Login and permissions: still uses Discord authorization as the entry point

It’s worth noting that Midjourney still uses your Discord account as the login entry point. When you log in at midjourney.com/login, a Discord authorization page will pop up; after you confirm, you can enter the Midjourney website.

Midjourney itself doesn’t require installing software; rendering happens in the cloud, so closing the page won’t affect server-side processing progress. This “no local performance burden” characteristic still holds on the new website.

A clearer subscription entry: two paths—Manage Sub and /subscribe

On the left side of the Midjourney website, you can find Manage Sub to access subscription management and plan selection; if you’re more used to operating in Discord, you can also type /subscribe in a channel to open the subscription page. Both entry points lead to the same subscription flow.

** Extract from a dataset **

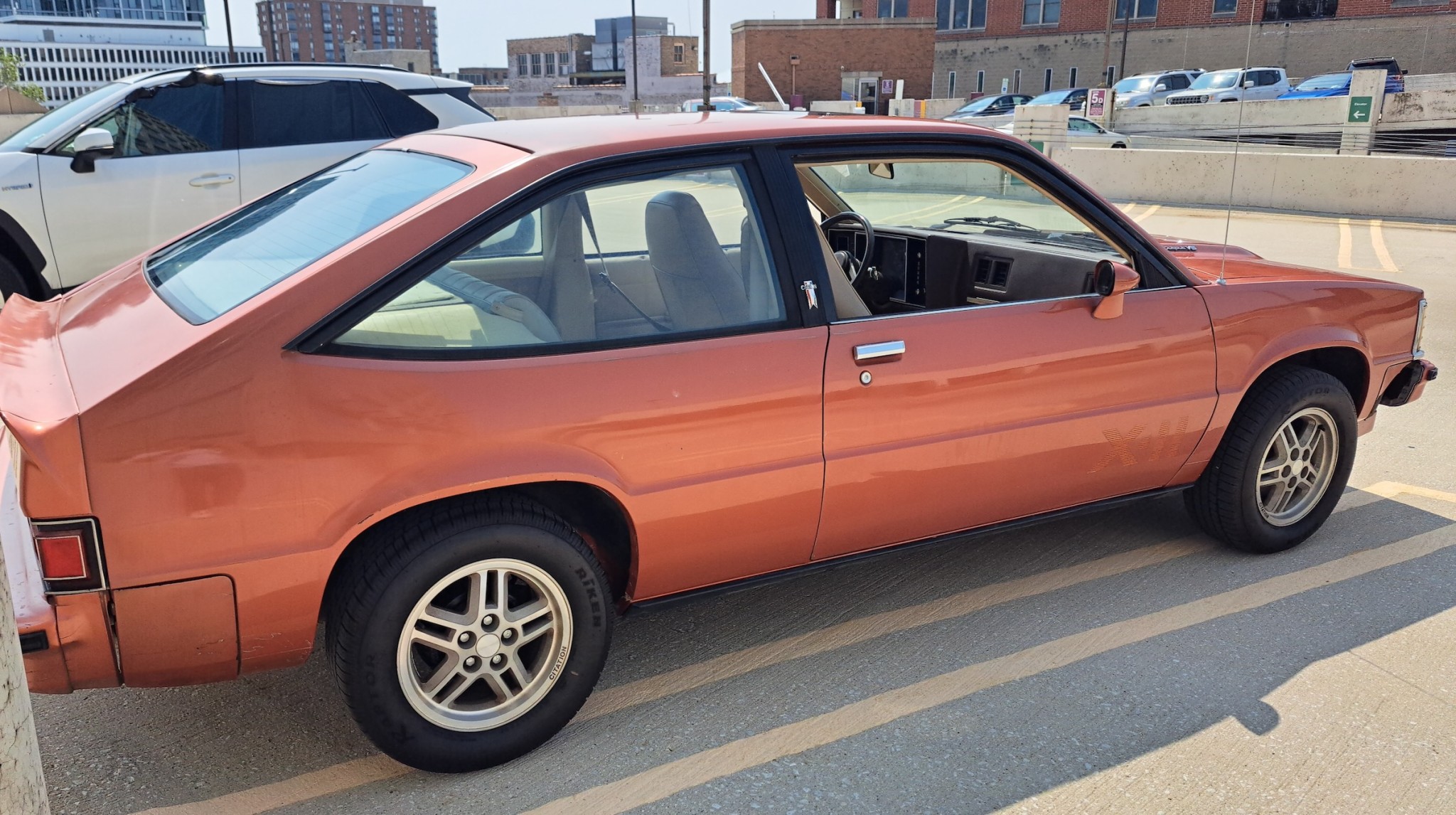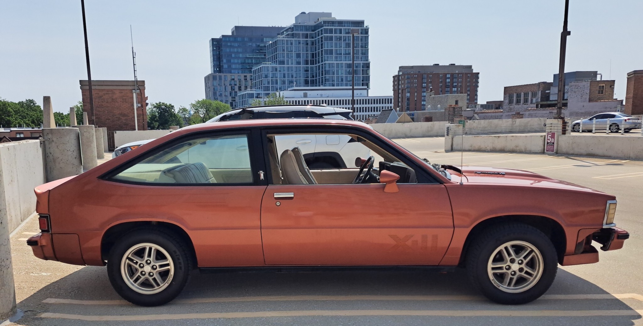 They had a nice amount of room inside, and this car has vinyl seats, but cloth was another option. The X-11 came in this two-door hatchback body style and a two-door notchback, which is pretty rare to see today. A variety of hatchback/notchback styles with either two doors or four were available in the general lineup throughout its run. Make mine a notchback with a trunk every time, but a hatchback has some nice utility that can’t be found in a car with a trunk. This car also has an optional sunroof, by the way.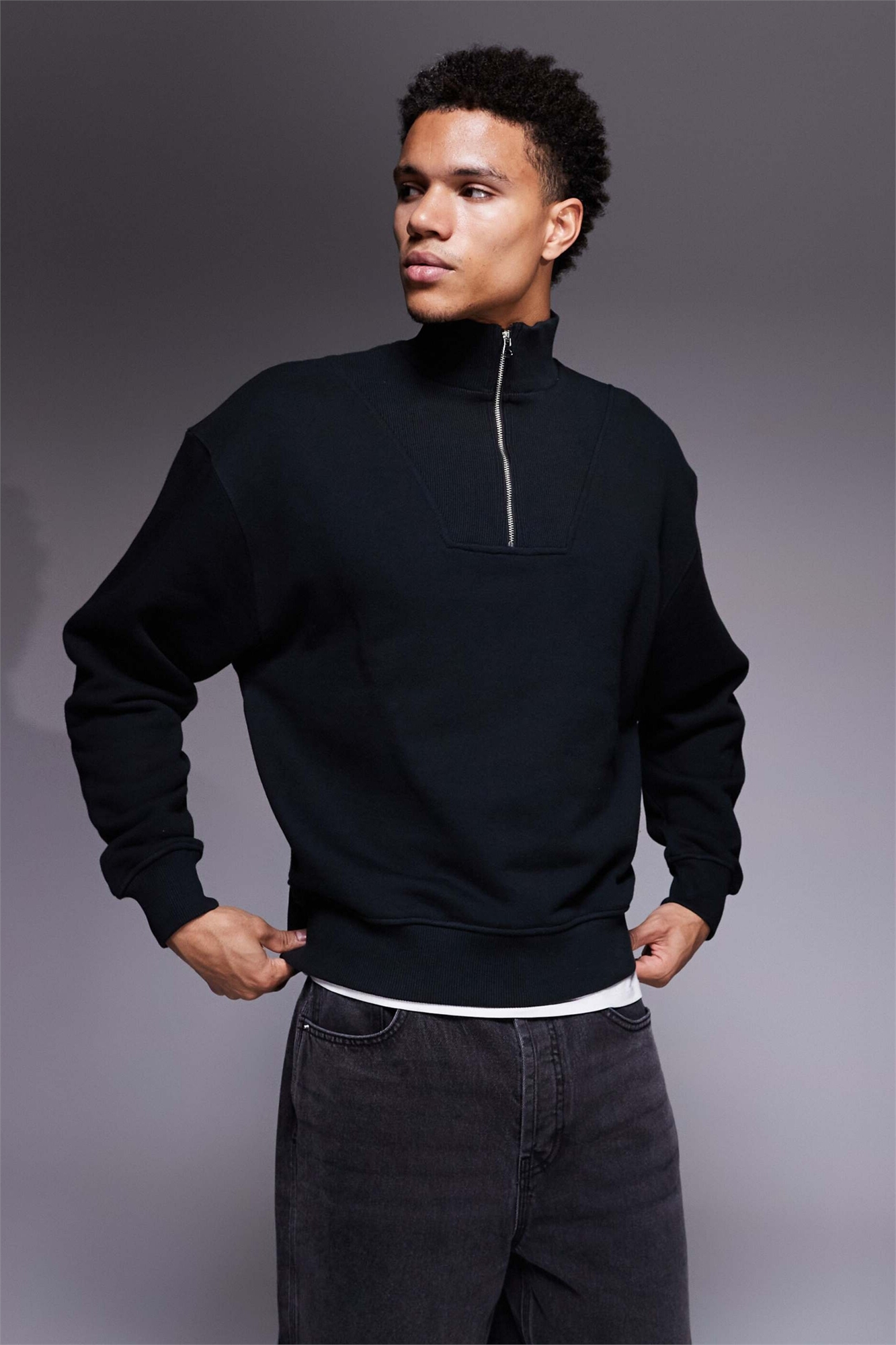 Свитшот «Rest Day» из хлопка плотностью 420 г/м² с широким воротником-воронкой и застежкой-молнией на 1/4 длины

When you need to renew, switch plans, or verify benefits, it’s recommended to prioritize Manage Sub on the Midjourney website: the path is more consistent and it’s easier to find billing history and subscription status.

Who should start using it first: people moving from “generating images” to “building a portfolio library”

If you use Midjourney as an inspiration tool, the new website will make “browse—select—share” smoother; if you use Midjourney as a production tool, it helps you turn your outputs into manageable assets. Put simply, generating images is only the starting point—Midjourney now feels like it’s filling in the downstream steps of organization and delivery.